Also, a different comment (which will affect either approach) is related to this that you said earlier:

Setting audit.nx = 2000, and audit.nu = 40 gives you 84,000 points (audit.nu and initgrid.nu count only the number us drawn from (0, 1); we then always add the end points, so really there are 42 us being considered---let me know if we should change this). For each of those points, you have 4 default LB and UB constraints, i.e. 84,000 * 4 = 336,000 rows in the audit matrix. Your MTE specification has 1,240 parameters. The 336,000 x 1,240 audit grid is about 3.2GB in size.

I don't understand why you need to multiply by 4 here. We just agreed that the audit matrix has (i,j) row corresponding to $b{j}(x{i}, u_{i})$. So, it doesn't depend on the constraint being evaluated at $(x{i}, u{i})$. This suggests that the audit matrix is 4 times as large as it needs to be.

jkcshea commented 4 years ago

 why don't you start by first benchmarking how long it takes to construct a row All rows should be roughly equally costly to construct, right?

I tried setting audit.nx to 25, 50, 100, 200, 400 while fixing audit.nu = 10. So the number of rows is 1200, 2400, 4800, 9600, 19200, 38400. The average time it takes to generate each row seems to indeed be about the same (0.2 milliseconds).

It also seems like having 600 spline terms in each MTR is not very different from having 600 non-spline terms. This was a surprise since I have to manually construct the design matrix for splines and their interactions.

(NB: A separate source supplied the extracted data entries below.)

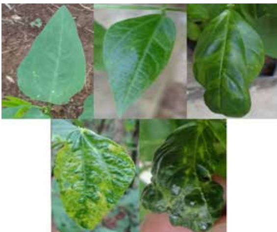
Gambar 1. Skor keparahan penyakit berdasarkan gejala. (a) skor 0, (b) skor 1, (c) skor 2, (d) skor 3, dan (e) skor 4 ( Disease severity scoring based on symptoms (a) score 0, (b) score 1, (c) score 2, (d) score 3, and (e) score 4 )

Seluruh data intensitas penyakit digunakan untuk membuat grafik perkembangan penyakit. Menurut Strange (2003), total luas area di bawah kurva perkembangan penyakit ( area under disease progress curve/AUDPC ) dihitung dengan menggunakan rumus :
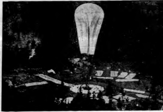
Balon w dolinach Black Hills, bezpośrednio przed wzlotem, który doprowadził do osiągnięcia wysokości 17200 m, na której powlaka się rozdarła, co spowodowało spądanie.
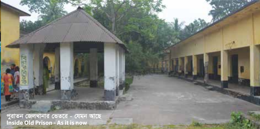
পুরাতন জেলখানার ভেতরে - যেমন আছে Inside Old Prison - As it is now

Assuming most users will not be passing such complicated MTRs, it seems reasonable to reconstruct the audit matrix each time. For instance, in the example above, if each MTR only had 20 terms, then the audit grid is constructed in 1.8 seconds (versus ~70 seconds it currently takes). And by default, audit.max = 5, so the grid will only be constructed so many times/the user does not have to wait too long before a result is returned.

Moreover, once we switch to the structure you suggested, performing the audit should become more efficient.

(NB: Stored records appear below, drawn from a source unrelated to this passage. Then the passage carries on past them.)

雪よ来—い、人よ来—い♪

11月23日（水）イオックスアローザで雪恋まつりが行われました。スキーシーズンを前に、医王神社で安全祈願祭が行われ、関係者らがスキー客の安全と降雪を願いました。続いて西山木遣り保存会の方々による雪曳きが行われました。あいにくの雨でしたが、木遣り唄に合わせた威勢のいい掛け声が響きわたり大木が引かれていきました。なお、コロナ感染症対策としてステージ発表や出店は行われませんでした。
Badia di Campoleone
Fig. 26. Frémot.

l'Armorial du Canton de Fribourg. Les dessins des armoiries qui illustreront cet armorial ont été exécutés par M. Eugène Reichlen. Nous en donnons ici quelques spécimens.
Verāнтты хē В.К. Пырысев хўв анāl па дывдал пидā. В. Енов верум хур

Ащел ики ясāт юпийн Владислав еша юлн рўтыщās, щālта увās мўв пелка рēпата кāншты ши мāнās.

I don't understand why you need to multiply by 4 here.

Yeah, you're right, I should redo things to avoid this. The reason why this is currently happening is that the code used to generate the audit matrix is the same code that is used to generate the initial grid. At the time, it seemed wise to recycle code seeing how similar the objects were, but this is very inefficient.

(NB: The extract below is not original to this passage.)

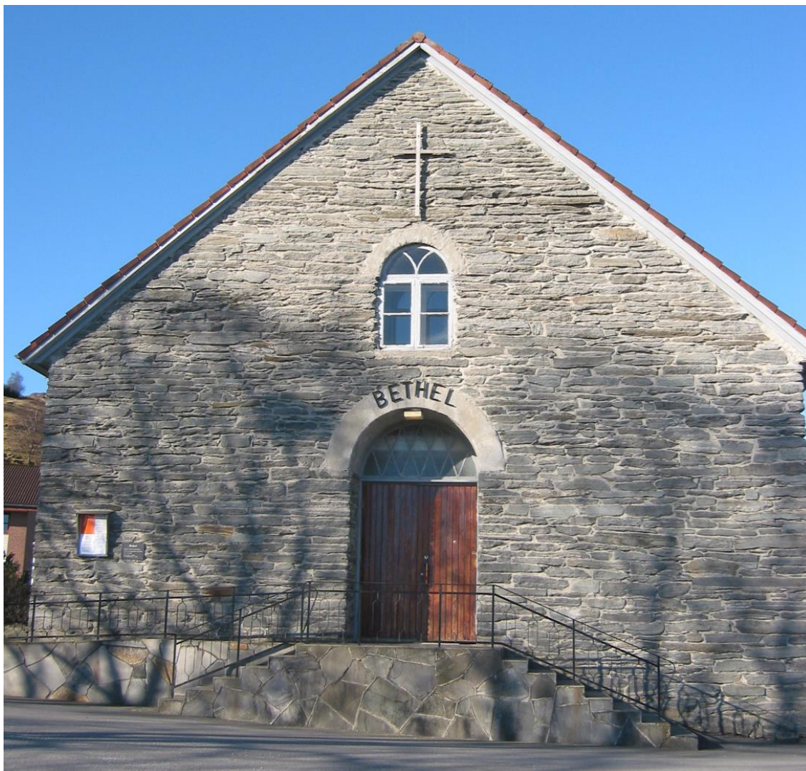
Bedehuset Bethel på Judaberg.

But in the current example, I believe this has to happen. The reason is that the initial grid and audit grid are specified to be equal. So in order to declare the upper and lower bounds for m0 and m1 in the LP solvers, I need to include each point 4 times. i.e. the audit grid should never require duplication, as you said; but the initial grid always requires duplication.

a-torgovitsky commented 4 years ago

Are you vectorizing the construction of the audit grid? Still seems bizarre to me that it takes 70 seconds to evaluate this matrix. It's large, true, but it's just a bunch of monomials, isn't it?


That's true that for the purposes of passing the constraint matrix to Gurobi, it will need to be fully specified even if it is redundant. I guess that type of inefficiency is something Gurobi would need to have a solution for in some sense.


More basically, is there a reason we need to the initial audit grid to be so large here? @johnnybonney do you remember why you made that choice? When we were designing the audit procedure I had anticipated needing a much smaller grid.

jkcshea commented 4 years ago

Are you vectorizing the construction of the audit grid? Still seems bizarre to me that it takes 70 seconds to evaluate this matrix.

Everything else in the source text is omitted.